Panglima TNI Jenderal Moeldoko mengakui adanya permintaan langsung dari pimpinan KPK agar prajurit TNI bisa mengisi jabatan-jabatan strategis di KPK. Moeldoko sepakat dengan permintaan pimpinan KPK, dan TNI tidak merasa keberatan personilnya bertugas di KPK.
"Sudah sepakat dengan ketua KPK, bahwa ada keinginan mereka untuk jabatan Sekjen KPK diisi personel TNI berpangkat jenderal bintang dua, dan Kepala Pengawasan KPK dijabat jenderal bintang satu," kata Jenderal Moeldoko kepada wartawan saat meninjau KRI Suharso di Pelabuhan Jayapura, Jumat 8 Mei 2015.
Namun Moeldoko menegaskan jika anggota TNI telah bergabung dengan KPK, maka sesuai aturan harus menanggalkan keanggotaan TNI-nya, atau pensiun dini, atau dialihkan statusnya sebagai pegawai negeri sipil. Sebab, KPK tidak termasuk lembaga yang diperbolehkan UU TNI, untuk diisi personel TNI aktif.

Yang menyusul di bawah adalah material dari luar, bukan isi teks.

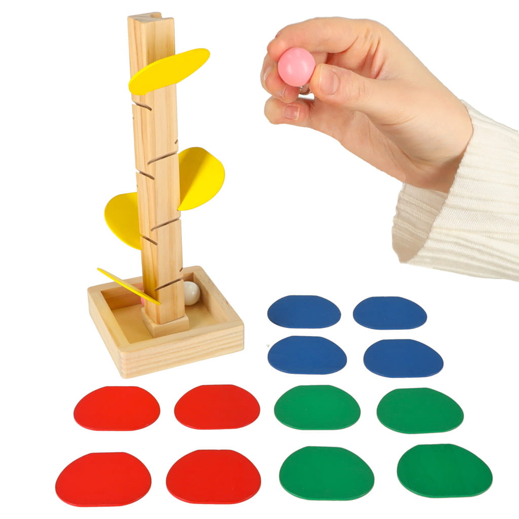Drzewko edukacyjne klocki drewniane tor kulkowy Kulodrom Montessori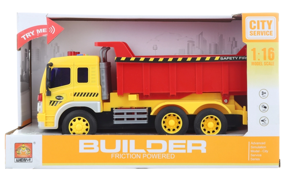 Acest camion basculant pentru copii oferă multă distracție datorită efectelor luminoase și sonore activate prin apăsarea butoanelor. Datorită dimensiunilor de aproximativ 27 × 12 cm, se ține confortabil în mână și este perfect pentru joaca pe covor sau în camera copilului. Bateriile sunt incluse în pachet, astfel încât puteți porni imediat „pe șantier”.

"Itu nanti personel yang sudah masuk KPK melalui tes uji kelayakan dan kepatutan, langsung jadi PNS," ujar Moeldoko.
Mantan Kepala Staf TNI Angkatan Darat itu menampik anggapan yang menyebut penempatan prajurit TNI di KPK untuk menyaingi anggota Polri yang lebih dulu bertugas di KPK, sebagai penyidik maupun pejabat di KPK. Moeldoko tak merasa wacana ini ingin membenturkan TNI dengan institusi lain yang ada di KPK.
"Nggak, TNI tidak merasa akan dibenturkan dengan institusi lain, jika personelnya direkrut menjadi pegawai KPK," tegas dia.
Bukan Penyidik
Jenderal Moeldoko memastikan tidak ada permintaan dari pimpinan KPK untuk merekrut penyidik dari internal TNI. Meskipun TNI juga memiliki organ yang membidangi permasalahan hukum, seperti halnya Polisi Militer, Oditurat Jenderal TNI, Badan Pembinaan Hukum TNI, serta Mahkamah Militer.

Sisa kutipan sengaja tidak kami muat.